2. The BSEA’s Authority to Issue and Quash Subpoenas
Both the Hearing Rules and the Formal Standard Adjudicatory Rules of Practice and Procedure allow Hearing Officers to issue, vacate or modify subpoenas.[4] Pursuant to BSEA Hearing Rule VII B:
“Upon the written request of a party, the BSEA shall issue a subpoena to require a person to appear and testify and, if requested, to produce documents at the hearing. A party may also request that the subpoena duces tecum direct the documents subpoenaed from a non-party be delivered to the office of the party requesting the documents prior to the hearing date.”
According to BSEA Hearing Rule VII C:
“A person receiving a subpoena may request that a Hearing Officer vacate or modify the subpoena. A Hearing Officer may do so upon a finding that the testimony or documents sought are not relevant to any matter in question or that the time or place specified for compliance or the breadth of the material sought imposes an undue burden on the person subpoenaed.”[5]
3. Reconsideration
A motion for reconsideration of a ruling may be allowed where a party alleges any manifest errors of law or fact, new information, or an intervening change in law that warrants reconsideration.[6]
APPLICATION OF LEGAL STANDARDS
1. Motion to Exclude Dr. McCarthy is DENIED.
I note at the outset that on February 18, 2026, GAL affirmatively sought to subpoena Dr. McCarthy to testify at the hearing, although at the April 16 motion hearing, she noted that she did so in response to the District’s inclusion of Dr. McCarthy on its Witness List, to allow her more “rights” in questioning Dr. McCarthy. GAL’s argument that Dr. McCarthy has no probative information to offer focuses on her lack of direct involvement in Student’s Team meetings, and she dismisses her possible expertise and potentially relevant testimony that could arise as a result of her supervisory capacity.
Although Dr. McCarthy may not have participated in Student’s Team meetings, I find the District’s argument persuasive that Dr. McCarthy, in her capacity as the District’s Supervisor of Special Education, has knowledge of Student’s case history, the District’s available services, and the decision-making frameworks that inform placement and service delivery, and that such knowledge is sufficiently grounded in her professional responsibilities, all of which are relevant to the issues in this matter. GAL’s argument that the same could be said of the Superintendent or School Committee members, who likewise lack direct participation in Student’s Team, is unpersuasive.

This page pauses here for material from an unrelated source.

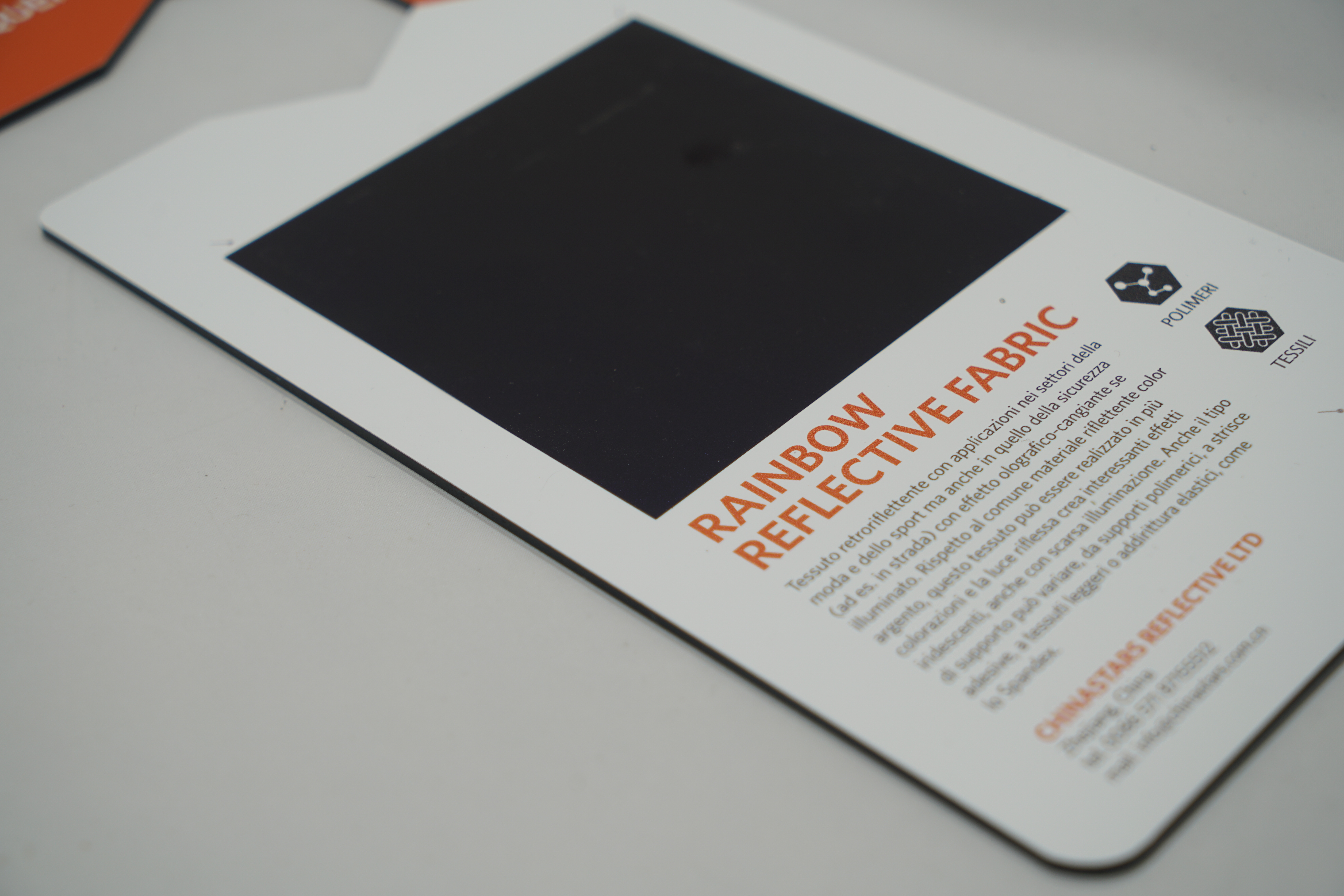 Tessuto retroriflettente con applicazioni nei settori della moda e dello sport ma anche in quello della sicurezza (ad es. in strada) con effetto olografico-cangiante se illuminato. Rispetto al comune materiale riflettente color argento, questo tessuto può essere realizzato in più colorazioni e la luce riflessa crea interessanti effetti iridescenti, anche con scarsa illuminazione. Anche il tipo di supporto può variare, da supporti polimerici, a strisce adesive, a tessuti leggeri o addirittura elastici, come lo Spandex.

Unlike the Superintendent, who might have more generalized and attenuated knowledge, Dr. McCarthy, by virtue of her position, has direct oversight of special education programming and responsibility for implementing and supervising the very processes at issue in this appeal. Her anticipated testimony, therefore, bears a direct and particularized connection to Student and the matters in dispute. School Committee Members, on the other hand, are governance officials who, as explained infra, have no probative testimony to offer in this proceeding regarding Student’s IDEA rights.
Any concerns regarding the weight to be afforded her testimony, including the extent of her personal involvement, go to Dr. McCarthy’s credibility and may be addressed through cross-examination. As such, the Motion to Exclude Dr. McCarthy is DENIED.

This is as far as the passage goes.